MACRA obviously has increased the need for CDI in outpatient and clinical settings. MIPS success requires it. Clinical documentation in your HCC coding, including RAF scores, will impact your payment under MACRA.
CDI Fast Facts
It takes an expert eye when coding for services to pick out key words and provide specific diagnoses to documentation. Your staff will require clinical knowledge and a good understanding of outpatient coding guidelines. Always review your claims to ensure you captured what’s needed.
You might also consider reviewing your current processes for code assignments. Who’s doing it? Are your physicians involved? Is someone assigned to check it? Are all procedures and E/M codes properly assigned?
A diagnosis that maps to a Hierarchical Condition Category (HCC) must be made during a face-to-face encounter. You’ll want to note diagnosis status—e.g., acute, chronic, compensated, decompensated, exacerbated—and likely will need to remind your physician to do so. Take the diagnosis status into account when selecting code specificity. As well, remember to flag all active chronic conditions for ongoing relevance.
When working with physicians, remind them with non-definitive diagnoses to document the signs and symptoms they’re seeing and treating. Remember that “history of” indicates that a condition is no longer under active treatment. Do not use this phrase for chronic conditions.
For example, it’s not enough to write “history of asthma,” even though you later noted a prescription for ProAir. Others may not pick up the ongoing status of the condition. Instead of writing “history of asthma,” write “Asthma since 2012, controlled with ProAir HFA.” If a condition remains a factor of the patient’s health status, it’s not history.

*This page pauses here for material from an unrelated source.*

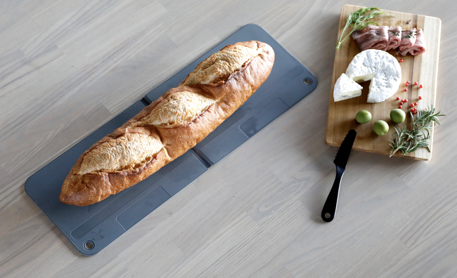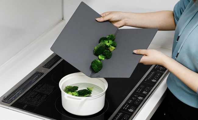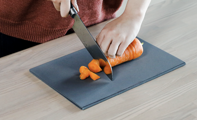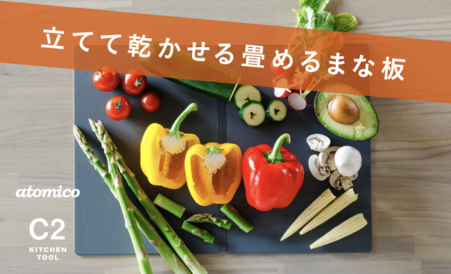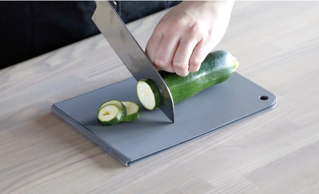 自立するので洗った後も場所を選ばず乾かせる、「立てて乾かせる畳めるまな板」。

You want to note all pertinent conditions—those that are present but stable, managed on therapy, require some form of observation, require a referral, or affect your medical decision making.
Remember, also, to document the relationship of diagnoses to other conditions. Physicians can do this with simple terminology, employing phrases like: with, due to, caused by, secondary to, etc.
Make sure to keep this information front and center in each patient’s chart and/or EHR. If you work at a small practice that can’t afford EHR, reach out to a larger organization that might be equipped to allocate space, allowing you to piggy back on their EHR. If managed well, this type of partnership serves the greater medical community.
Master Documentation Basics
Yes, physicians are busy. But if they’re not invested in proper documentation, it will cost them in reimbursement. It also will affect their quality of care and their MIPS score rating, which will impose negative ramifications on their practice.
The big picture review. Include all conditions that affect treatment or management of a patient. Be specific. If a diagnosis is unclear, use signs and symptoms. Document with specificity that captures the entirety of the patient’s health status.
Document chronic conditions at least annually. Such conditions should involve aspects of MEAT—monitoring, evaluating, assessing, treating. Note the severity or stage of the condition and document any complications or associated conditions.
Carve ‘Forever Codes’ in Stone
Some of the condition listed above—cirrhosis and ostomy, for example—may resolve. Specific documentation, however, begets specific documentation. In other words, when a chronic condition is clearly noted in the patient’s file, annual wellness visits lend themselves to follow-up visits. Monitor, evaluate, assess, and, if necessary, treat. The patient, then, is proactively cared for, and you’ve covered yourself should a resolved condition with the potential to reemerge become problematic. In the interim of stability, CMS gets its annual code.
Tip. Go through your encounter records, print them out if you use an EMR, or pull some charts. Peruse your files for areas in need of better documentation. Look for conditions with potential implications to the future health status of your patients—chronic conditions that have fallen through the cracks. And change your system to keep such conditions front and center. They should be the first thing physicians and coders see when they view a patient’s record.
As well, you might ask yourself if you missed opportunities from a coding selection standpoint or a documentation standpoint. Work together to see where you can fix these issues. Clinical documentation improvement means better reimbursement.